Excerpts from a dataset:
-------
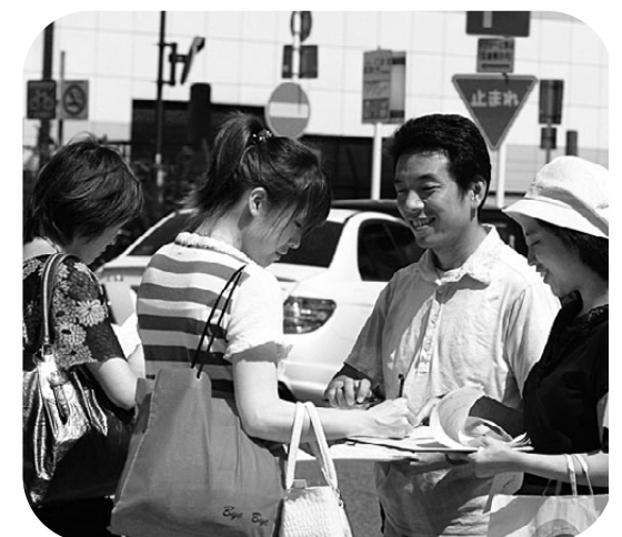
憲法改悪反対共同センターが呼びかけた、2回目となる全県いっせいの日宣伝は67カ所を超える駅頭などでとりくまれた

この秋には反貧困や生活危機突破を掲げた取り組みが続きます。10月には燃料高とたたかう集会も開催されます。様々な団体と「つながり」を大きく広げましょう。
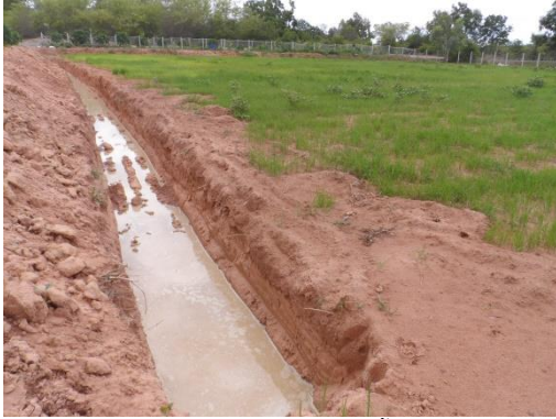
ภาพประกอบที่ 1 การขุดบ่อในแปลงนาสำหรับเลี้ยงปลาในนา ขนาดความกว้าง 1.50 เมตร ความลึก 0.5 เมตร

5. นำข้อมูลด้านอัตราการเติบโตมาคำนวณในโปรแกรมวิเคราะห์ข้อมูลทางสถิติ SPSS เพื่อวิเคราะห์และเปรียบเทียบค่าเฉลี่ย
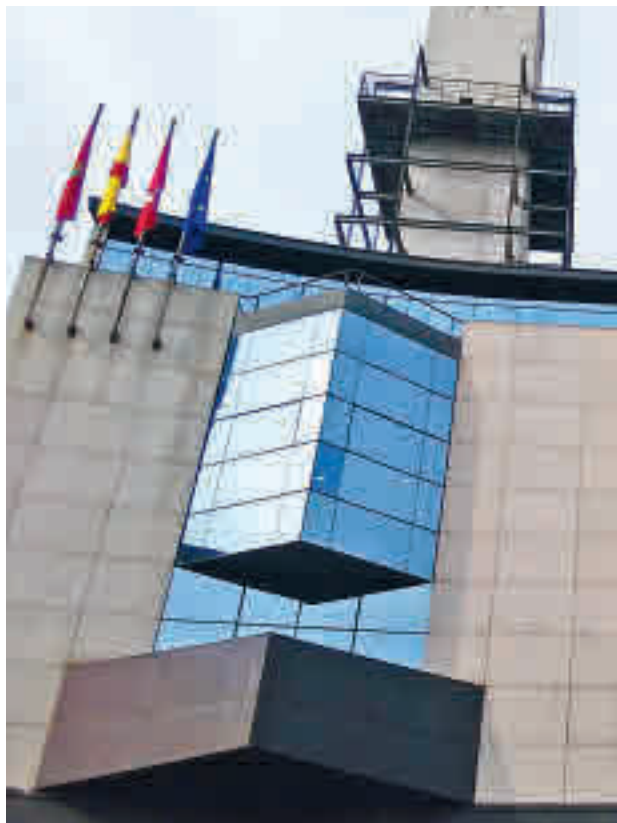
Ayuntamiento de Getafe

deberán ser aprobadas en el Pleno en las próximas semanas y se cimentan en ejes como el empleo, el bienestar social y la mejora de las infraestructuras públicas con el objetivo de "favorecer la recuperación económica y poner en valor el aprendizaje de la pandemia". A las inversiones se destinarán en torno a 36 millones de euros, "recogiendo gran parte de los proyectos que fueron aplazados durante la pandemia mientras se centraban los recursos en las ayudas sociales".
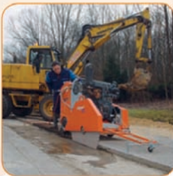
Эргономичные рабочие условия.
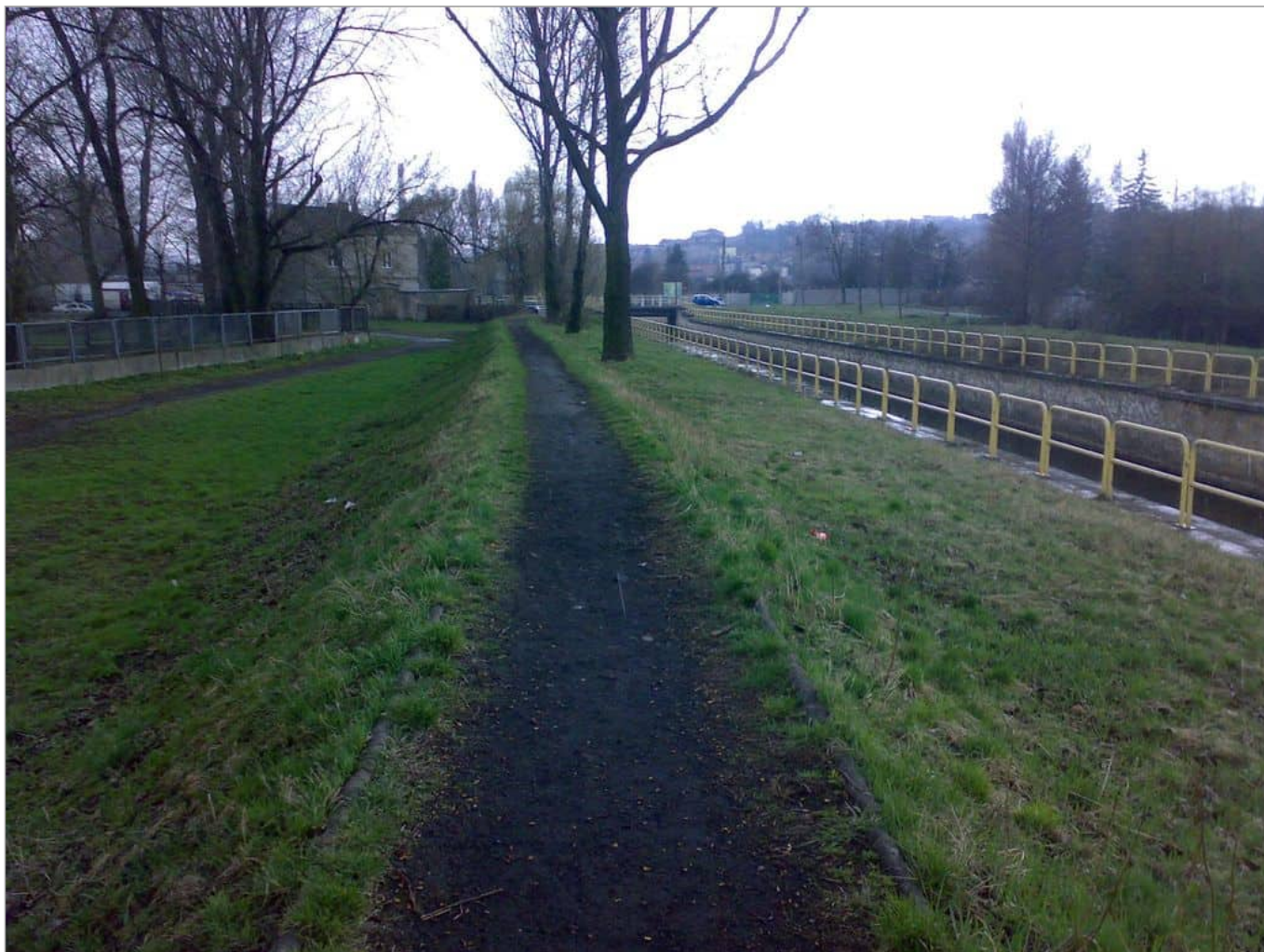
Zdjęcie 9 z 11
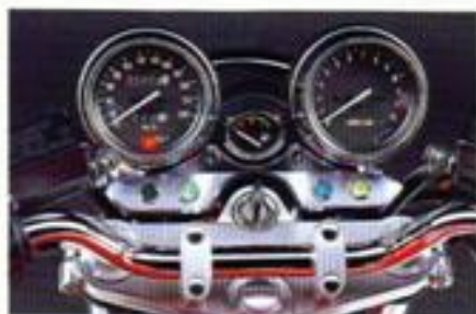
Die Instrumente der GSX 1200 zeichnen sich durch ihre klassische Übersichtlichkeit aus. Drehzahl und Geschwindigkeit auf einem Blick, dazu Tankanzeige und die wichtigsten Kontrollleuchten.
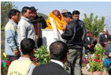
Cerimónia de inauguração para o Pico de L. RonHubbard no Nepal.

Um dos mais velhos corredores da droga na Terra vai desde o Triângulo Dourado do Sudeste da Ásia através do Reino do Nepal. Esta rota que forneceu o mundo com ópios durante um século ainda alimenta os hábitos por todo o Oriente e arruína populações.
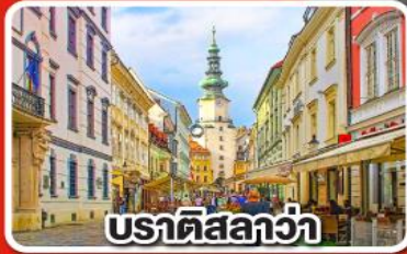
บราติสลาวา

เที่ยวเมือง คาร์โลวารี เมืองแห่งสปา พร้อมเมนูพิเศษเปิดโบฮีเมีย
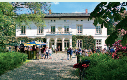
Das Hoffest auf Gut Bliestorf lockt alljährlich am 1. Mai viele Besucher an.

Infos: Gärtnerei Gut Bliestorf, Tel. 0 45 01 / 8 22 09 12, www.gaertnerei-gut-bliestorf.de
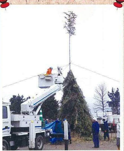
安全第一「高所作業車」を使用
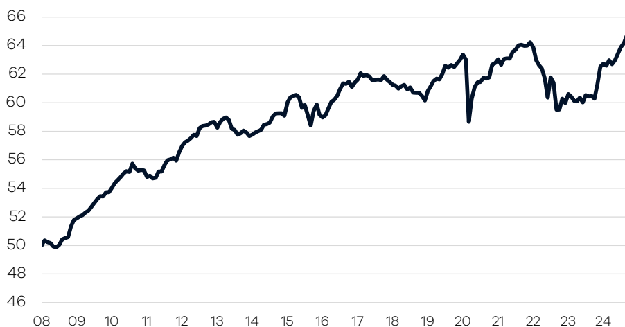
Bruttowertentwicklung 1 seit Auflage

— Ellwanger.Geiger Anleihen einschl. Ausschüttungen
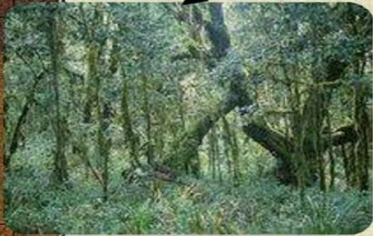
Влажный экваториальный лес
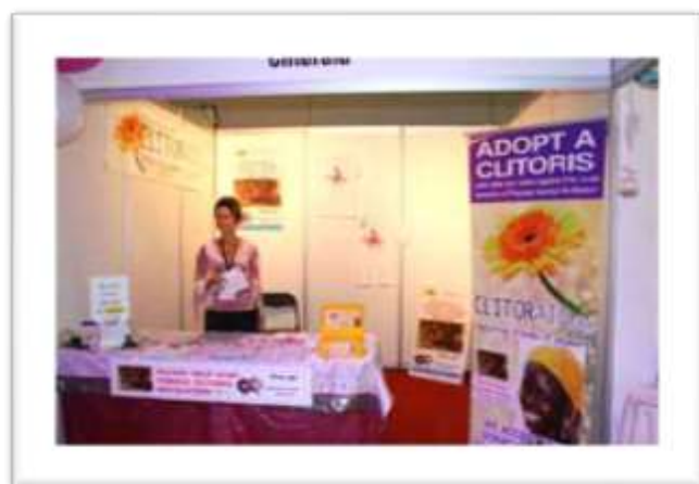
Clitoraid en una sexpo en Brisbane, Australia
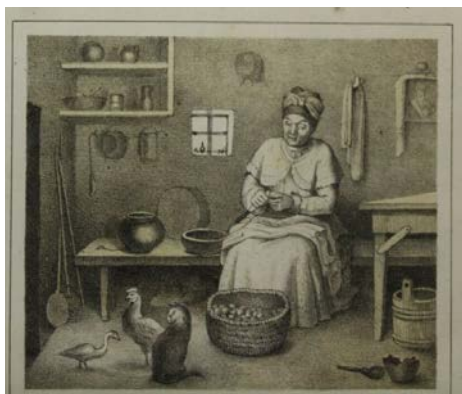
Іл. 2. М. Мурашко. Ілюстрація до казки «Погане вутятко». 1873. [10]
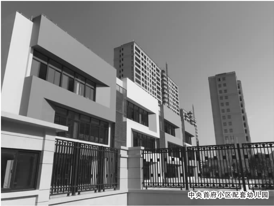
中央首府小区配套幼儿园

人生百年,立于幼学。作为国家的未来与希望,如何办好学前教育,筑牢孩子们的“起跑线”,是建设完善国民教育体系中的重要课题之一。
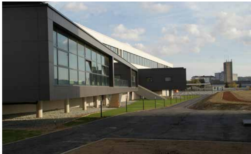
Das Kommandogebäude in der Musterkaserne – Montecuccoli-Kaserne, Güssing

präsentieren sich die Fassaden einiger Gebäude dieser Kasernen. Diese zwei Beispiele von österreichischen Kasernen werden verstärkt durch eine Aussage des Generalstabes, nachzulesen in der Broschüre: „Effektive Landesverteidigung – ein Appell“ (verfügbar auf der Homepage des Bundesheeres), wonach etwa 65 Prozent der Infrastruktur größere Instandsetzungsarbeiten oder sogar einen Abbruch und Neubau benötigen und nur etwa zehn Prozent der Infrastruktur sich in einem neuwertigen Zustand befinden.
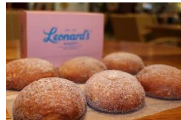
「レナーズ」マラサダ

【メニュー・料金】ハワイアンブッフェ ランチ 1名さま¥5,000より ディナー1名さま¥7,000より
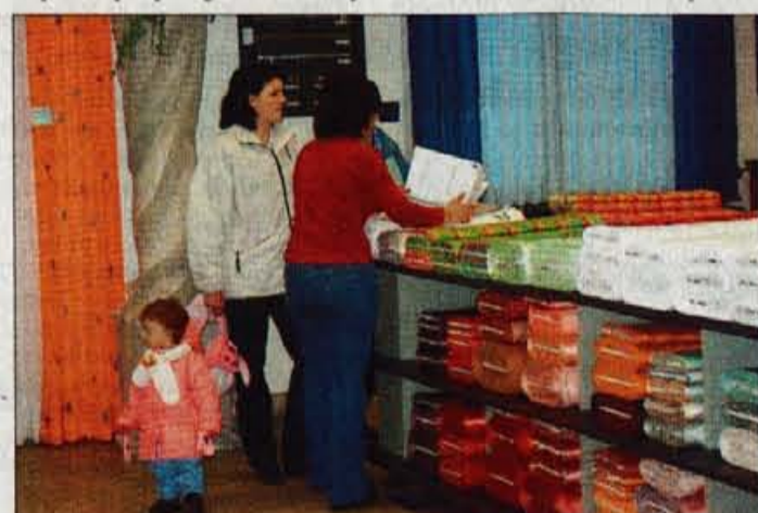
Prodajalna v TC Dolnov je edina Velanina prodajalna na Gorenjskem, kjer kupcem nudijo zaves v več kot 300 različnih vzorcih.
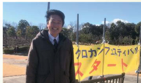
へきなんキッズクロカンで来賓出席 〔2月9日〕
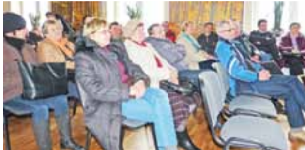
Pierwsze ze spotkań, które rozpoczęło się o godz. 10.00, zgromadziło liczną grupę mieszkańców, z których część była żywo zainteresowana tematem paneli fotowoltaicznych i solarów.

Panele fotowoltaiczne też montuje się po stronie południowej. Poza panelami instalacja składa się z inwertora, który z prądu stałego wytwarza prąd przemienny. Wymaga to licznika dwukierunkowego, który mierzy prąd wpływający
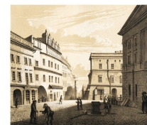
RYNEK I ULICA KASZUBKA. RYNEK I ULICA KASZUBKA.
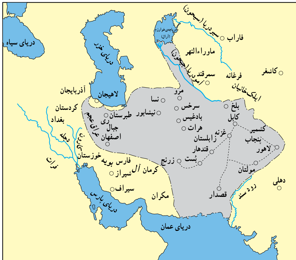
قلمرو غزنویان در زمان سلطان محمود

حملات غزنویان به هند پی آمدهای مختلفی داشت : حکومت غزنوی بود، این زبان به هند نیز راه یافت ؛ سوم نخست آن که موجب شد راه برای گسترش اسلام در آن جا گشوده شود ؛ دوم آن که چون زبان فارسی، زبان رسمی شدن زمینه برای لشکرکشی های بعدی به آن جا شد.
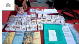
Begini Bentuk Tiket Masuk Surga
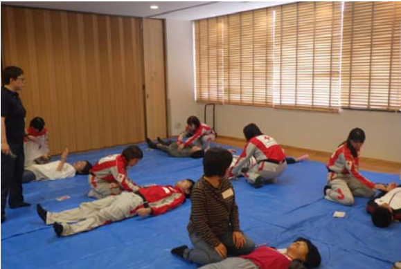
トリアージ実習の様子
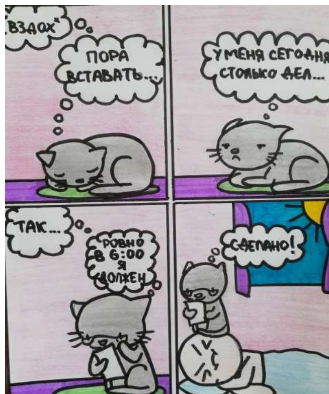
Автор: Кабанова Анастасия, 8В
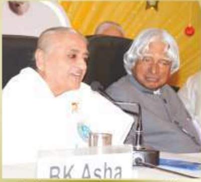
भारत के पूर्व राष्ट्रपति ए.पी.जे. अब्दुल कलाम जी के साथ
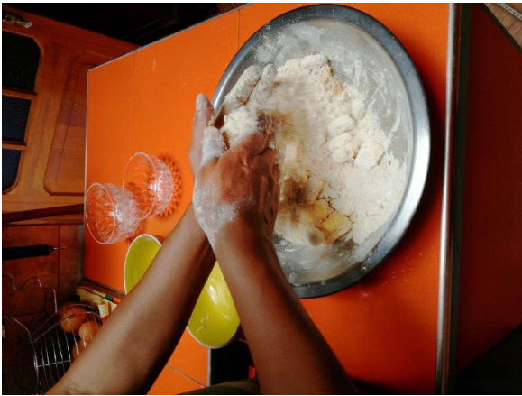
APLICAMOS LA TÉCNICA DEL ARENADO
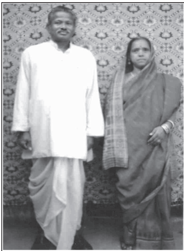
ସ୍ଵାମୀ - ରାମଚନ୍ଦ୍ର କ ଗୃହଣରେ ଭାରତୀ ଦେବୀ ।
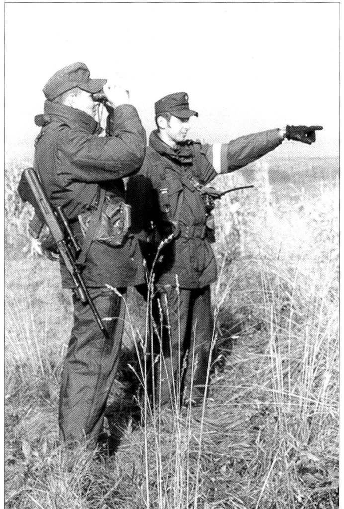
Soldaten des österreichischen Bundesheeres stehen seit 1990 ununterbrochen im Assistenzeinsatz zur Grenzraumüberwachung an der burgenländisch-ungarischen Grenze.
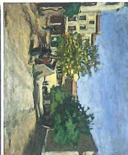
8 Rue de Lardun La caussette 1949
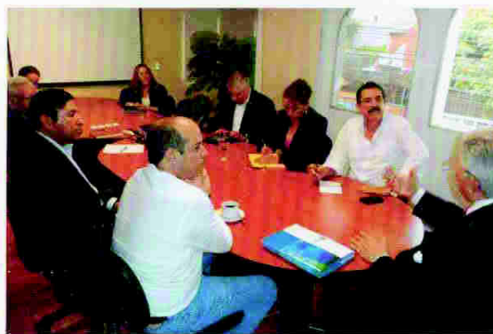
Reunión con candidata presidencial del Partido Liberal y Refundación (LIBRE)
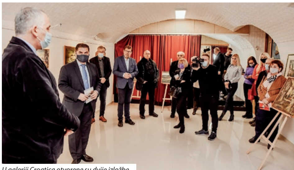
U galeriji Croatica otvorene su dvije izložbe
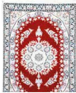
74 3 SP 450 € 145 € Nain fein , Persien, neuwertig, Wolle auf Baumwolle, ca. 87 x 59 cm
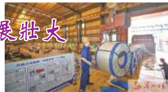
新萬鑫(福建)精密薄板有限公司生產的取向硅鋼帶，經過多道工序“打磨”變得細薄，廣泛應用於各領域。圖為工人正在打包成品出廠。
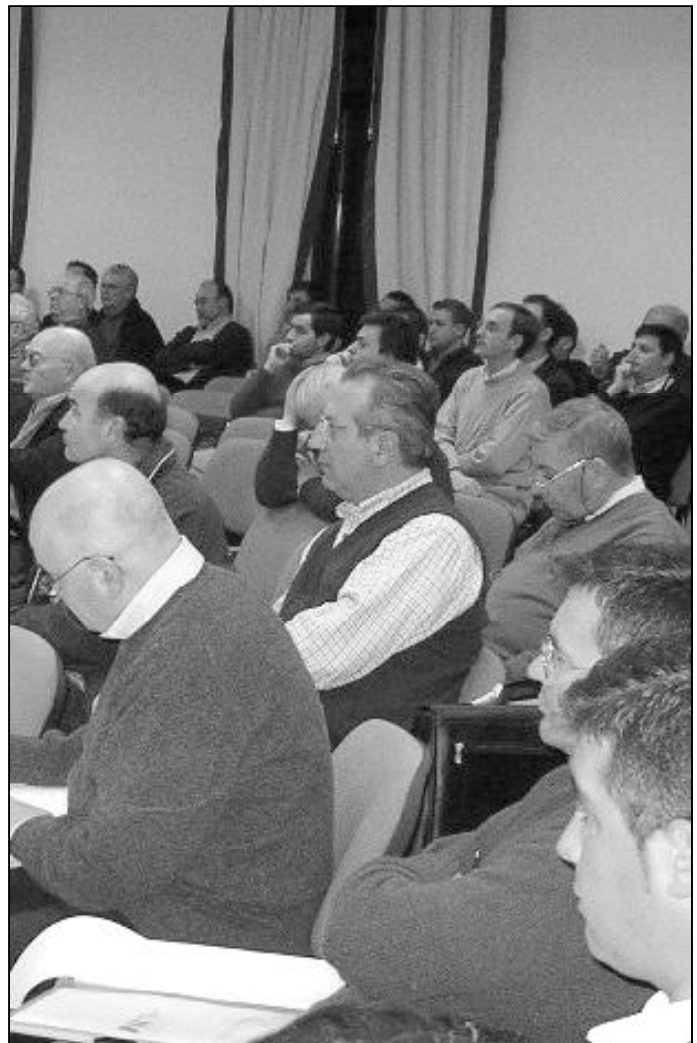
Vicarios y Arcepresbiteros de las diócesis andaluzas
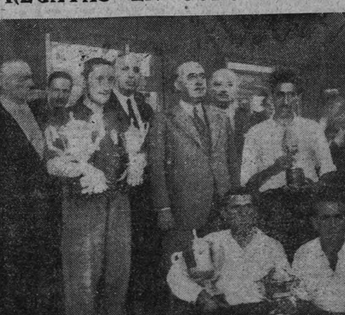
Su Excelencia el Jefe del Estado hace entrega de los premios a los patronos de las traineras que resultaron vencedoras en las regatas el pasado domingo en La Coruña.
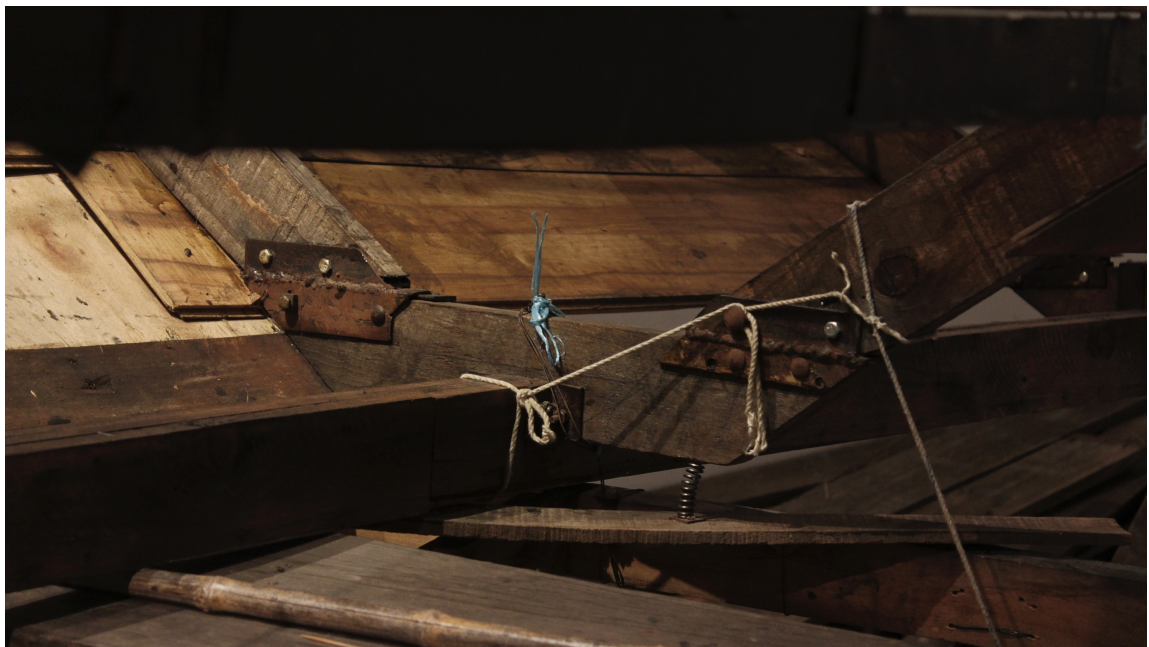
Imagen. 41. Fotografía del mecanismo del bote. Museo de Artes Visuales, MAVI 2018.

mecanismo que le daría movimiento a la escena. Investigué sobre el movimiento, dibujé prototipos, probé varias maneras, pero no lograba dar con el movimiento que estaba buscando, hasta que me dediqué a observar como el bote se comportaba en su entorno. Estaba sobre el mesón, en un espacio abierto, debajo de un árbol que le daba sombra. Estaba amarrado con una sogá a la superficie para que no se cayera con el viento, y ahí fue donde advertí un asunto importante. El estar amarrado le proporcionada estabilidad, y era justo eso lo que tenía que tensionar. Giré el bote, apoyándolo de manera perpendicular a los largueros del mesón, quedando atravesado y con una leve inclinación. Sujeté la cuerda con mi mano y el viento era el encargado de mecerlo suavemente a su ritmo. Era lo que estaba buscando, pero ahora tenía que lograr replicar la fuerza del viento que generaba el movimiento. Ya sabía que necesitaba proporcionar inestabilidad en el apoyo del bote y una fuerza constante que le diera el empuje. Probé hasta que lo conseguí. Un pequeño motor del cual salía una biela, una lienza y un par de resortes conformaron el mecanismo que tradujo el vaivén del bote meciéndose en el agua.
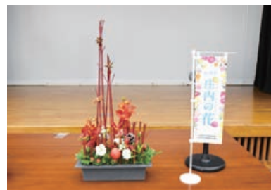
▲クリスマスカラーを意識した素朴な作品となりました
-------
**What is required**
Your task is to return the lines above, from the first one up to and including the line containing "Ayuntamiento de Getafe", minus any pictures.

**Expected output**
憲法改悪反対共同センターが呼びかけた、2回目となる全県いっせいの日宣伝は67カ所を超える駅頭などでとりくまれた

この秋には反貧困や生活危機突破を掲げた取り組みが続きます。10月には燃料高とたたかう集会も開催されます。様々な団体と「つながり」を大きく広げましょう。
ภาพประกอบที่ 1 การขุดบ่อในแปลงนาสำหรับเลี้ยงปลาในนา ขนาดความกว้าง 1.50 เมตร ความลึก 0.5 เมตร

5. นำข้อมูลด้านอัตราการเติบโตมาคำนวณในโปรแกรมวิเคราะห์ข้อมูลทางสถิติ SPSS เพื่อวิเคราะห์และเปรียบเทียบค่าเฉลี่ย
Ayuntamiento de Getafe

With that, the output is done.